# Gothic 2 DNdR: Der Eisdrache



## Tronox1200 (1. Februar 2005)

Hi Leudz,

wie töte ich den Eisdrachen? Der regneriert sich ja ständig. Kann ich den auch töten ohne Feuerregen?


----------



## Pyrokar (1. Februar 2005)

Tronox1200 am 01.02.2005 12:50 schrieb:
			
		

> Hi Leudz,
> 
> wie töte ich den Eisdrachen? Der regneriert sich ja ständig. Kann ich den auch töten ohne Feuerregen?

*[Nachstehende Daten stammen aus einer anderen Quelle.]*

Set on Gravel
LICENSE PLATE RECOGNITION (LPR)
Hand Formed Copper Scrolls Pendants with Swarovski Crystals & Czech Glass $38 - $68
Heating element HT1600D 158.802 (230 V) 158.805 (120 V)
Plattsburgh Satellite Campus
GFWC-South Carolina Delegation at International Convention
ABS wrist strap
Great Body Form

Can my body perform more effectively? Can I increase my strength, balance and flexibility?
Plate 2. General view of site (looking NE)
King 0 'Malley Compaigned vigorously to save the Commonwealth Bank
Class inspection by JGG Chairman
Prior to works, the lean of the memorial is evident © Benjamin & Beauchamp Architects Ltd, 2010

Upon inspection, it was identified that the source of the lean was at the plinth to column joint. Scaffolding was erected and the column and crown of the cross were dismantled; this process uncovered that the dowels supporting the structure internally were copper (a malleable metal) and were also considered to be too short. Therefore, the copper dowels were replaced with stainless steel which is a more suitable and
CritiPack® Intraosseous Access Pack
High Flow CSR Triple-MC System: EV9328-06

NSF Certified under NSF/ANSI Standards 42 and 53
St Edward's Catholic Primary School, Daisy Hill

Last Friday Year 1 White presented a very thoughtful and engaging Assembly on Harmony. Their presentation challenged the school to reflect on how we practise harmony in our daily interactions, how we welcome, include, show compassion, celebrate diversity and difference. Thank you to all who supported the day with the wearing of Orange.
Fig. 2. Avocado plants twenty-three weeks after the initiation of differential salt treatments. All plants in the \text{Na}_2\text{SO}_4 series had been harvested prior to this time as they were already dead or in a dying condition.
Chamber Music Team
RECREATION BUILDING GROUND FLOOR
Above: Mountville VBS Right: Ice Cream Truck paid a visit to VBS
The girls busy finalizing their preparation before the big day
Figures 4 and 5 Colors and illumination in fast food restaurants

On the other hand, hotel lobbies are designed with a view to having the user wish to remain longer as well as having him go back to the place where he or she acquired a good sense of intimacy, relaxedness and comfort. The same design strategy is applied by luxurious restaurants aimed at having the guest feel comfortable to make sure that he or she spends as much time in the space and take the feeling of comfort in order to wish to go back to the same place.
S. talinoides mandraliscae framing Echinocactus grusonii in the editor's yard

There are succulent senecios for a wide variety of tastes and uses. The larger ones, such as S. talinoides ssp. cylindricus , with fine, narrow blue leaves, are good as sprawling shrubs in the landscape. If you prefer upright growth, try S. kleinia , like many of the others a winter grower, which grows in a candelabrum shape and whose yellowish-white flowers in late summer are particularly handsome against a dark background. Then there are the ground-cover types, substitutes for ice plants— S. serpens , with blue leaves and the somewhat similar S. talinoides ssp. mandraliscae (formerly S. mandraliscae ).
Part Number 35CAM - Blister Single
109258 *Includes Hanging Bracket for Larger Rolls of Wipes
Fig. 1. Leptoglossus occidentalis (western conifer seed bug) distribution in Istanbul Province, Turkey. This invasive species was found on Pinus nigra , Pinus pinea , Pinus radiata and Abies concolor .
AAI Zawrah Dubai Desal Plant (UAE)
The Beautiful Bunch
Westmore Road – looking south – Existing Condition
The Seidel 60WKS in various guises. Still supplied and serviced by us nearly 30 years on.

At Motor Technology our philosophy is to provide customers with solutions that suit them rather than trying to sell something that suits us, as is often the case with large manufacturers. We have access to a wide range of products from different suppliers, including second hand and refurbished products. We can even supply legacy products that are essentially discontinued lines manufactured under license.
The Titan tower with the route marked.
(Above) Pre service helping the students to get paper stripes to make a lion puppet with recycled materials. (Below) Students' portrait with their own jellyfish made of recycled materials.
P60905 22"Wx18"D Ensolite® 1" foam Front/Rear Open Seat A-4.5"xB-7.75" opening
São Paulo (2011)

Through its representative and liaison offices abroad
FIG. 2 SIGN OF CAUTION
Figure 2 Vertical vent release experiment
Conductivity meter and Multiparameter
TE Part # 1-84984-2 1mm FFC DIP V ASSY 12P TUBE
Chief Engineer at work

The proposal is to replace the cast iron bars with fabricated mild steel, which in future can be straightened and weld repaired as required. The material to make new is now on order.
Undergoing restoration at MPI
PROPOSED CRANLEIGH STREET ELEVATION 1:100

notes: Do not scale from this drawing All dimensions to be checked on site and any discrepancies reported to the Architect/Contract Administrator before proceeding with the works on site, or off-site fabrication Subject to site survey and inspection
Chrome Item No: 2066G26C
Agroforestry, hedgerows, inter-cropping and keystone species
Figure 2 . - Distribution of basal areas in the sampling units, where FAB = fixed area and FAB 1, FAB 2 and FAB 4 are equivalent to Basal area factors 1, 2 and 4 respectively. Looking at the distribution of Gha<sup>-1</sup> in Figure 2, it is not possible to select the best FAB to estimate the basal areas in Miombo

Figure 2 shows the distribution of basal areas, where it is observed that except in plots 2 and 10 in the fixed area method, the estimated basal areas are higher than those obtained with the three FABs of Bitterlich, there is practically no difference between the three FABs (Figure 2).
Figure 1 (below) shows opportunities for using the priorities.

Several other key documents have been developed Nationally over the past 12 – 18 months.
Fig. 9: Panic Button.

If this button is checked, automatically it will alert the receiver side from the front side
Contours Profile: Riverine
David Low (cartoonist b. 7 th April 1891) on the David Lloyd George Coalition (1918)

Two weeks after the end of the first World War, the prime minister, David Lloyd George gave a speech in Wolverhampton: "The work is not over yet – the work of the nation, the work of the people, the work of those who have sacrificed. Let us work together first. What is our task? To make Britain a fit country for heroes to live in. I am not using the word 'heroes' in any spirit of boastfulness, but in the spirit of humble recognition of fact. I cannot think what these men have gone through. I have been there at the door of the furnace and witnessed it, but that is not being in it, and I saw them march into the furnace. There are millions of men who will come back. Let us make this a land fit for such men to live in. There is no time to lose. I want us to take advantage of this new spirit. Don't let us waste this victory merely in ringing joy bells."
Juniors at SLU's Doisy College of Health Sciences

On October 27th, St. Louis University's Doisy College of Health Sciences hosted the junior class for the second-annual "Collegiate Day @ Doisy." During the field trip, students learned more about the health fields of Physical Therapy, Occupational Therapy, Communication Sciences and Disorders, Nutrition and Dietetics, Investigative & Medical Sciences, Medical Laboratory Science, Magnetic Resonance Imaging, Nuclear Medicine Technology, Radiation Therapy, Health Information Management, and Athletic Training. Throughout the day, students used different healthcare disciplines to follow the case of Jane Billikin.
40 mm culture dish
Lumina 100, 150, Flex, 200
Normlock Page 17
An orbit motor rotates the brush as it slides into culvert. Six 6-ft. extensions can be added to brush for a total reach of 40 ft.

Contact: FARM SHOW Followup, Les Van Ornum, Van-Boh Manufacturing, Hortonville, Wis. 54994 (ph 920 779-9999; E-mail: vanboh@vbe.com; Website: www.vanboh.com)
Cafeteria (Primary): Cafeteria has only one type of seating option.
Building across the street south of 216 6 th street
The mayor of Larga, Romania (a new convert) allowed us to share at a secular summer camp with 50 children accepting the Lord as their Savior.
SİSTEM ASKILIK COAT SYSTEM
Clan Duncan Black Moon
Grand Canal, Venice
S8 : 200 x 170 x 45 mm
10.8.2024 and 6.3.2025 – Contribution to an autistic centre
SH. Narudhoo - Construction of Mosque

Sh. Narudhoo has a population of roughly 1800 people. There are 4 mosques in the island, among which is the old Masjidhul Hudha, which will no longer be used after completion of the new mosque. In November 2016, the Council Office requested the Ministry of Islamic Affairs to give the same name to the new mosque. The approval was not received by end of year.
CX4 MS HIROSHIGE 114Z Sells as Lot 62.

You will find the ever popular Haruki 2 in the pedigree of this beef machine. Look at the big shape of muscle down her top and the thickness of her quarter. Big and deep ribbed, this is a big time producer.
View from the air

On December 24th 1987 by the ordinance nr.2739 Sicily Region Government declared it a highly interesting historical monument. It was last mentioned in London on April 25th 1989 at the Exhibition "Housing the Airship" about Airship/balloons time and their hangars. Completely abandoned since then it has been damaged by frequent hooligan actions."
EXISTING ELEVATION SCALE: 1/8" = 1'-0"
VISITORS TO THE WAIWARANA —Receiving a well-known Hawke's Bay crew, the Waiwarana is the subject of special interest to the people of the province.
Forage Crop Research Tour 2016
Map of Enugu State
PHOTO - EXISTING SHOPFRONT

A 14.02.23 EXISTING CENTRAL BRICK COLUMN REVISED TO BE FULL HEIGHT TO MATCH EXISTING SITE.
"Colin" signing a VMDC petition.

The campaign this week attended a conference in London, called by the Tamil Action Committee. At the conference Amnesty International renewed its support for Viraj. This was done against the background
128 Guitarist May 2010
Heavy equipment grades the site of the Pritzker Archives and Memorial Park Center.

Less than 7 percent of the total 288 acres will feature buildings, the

klar kann man den ohne feuerregen töten.

1.spruchrolle "monster schrumpfen" kaufen
2.mit feuerdämonen bearbeiten (aber gegenm eißdrachen kA,müssteste ausprobieren..nebenbei noch draufhacken)
3.einfach auf die einfache art "draufhaun".(nur wenne drachenjäger oder paladin bist   ),so hab ichs gemacht

nebenbei.mach mal mehr angaben..(lvl,stärke,waffe (runen usw.),und die gilde
könnt ja sein das du einfach zu schwach bist.dann musse n bissel leveln gehn.

ps. alle drachen regenerieren sich in DndR^^

grüße


----------



## bjoerns89 (1. Februar 2005)

Tronox1200 am 01.02.2005 12:50 schrieb:
			
		

> Hi Leudz,
> 
> wie töte ich den Eisdrachen? Der regneriert sich ja ständig. Kann ich den auch töten ohne Feuerregen?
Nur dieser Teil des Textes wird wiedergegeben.